→ PROBLEM STATEMENT
Using only the entries below, copy exactly the lines that begin at the one with "The image depicts" and end at the one with "園の前の道にトラックやミキサー車が停まっているのを見つけると", both included. Drop the pictures.

→ RECORDED INFORMATION
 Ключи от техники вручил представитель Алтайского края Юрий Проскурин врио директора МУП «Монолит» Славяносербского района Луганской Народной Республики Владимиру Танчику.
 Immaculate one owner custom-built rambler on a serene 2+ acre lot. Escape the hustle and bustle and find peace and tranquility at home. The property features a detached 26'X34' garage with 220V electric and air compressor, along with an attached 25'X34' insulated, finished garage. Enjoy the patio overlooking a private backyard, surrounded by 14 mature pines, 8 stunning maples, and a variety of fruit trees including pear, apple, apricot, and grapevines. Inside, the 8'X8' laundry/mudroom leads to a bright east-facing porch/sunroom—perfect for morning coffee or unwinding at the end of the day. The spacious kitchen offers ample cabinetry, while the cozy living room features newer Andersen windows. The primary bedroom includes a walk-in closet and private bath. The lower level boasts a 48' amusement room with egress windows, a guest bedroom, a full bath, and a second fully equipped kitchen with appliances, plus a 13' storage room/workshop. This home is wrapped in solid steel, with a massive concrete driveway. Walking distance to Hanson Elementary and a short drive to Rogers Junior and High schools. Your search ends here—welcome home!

...

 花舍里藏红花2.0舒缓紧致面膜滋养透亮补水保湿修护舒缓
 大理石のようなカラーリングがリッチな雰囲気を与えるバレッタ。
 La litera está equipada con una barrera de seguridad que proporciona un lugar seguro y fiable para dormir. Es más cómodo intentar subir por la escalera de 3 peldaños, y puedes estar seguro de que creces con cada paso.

* * *

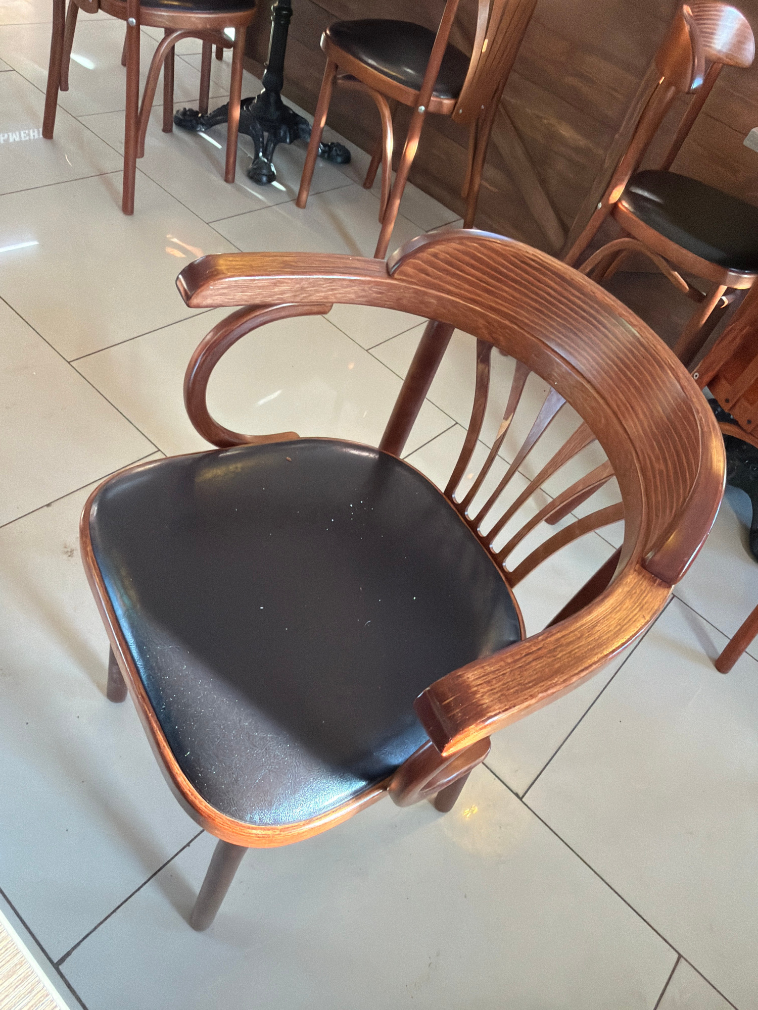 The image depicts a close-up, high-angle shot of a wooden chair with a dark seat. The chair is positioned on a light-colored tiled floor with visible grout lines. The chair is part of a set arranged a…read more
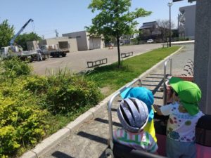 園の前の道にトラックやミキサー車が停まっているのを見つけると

→ FINAL ANSWER
 The image depicts a close-up, high-angle shot of a wooden chair with a dark seat. The chair is positioned on a light-colored tiled floor with visible grout lines. The chair is part of a set arranged a…read more
 園の前の道にトラックやミキサー車が停まっているのを見つけると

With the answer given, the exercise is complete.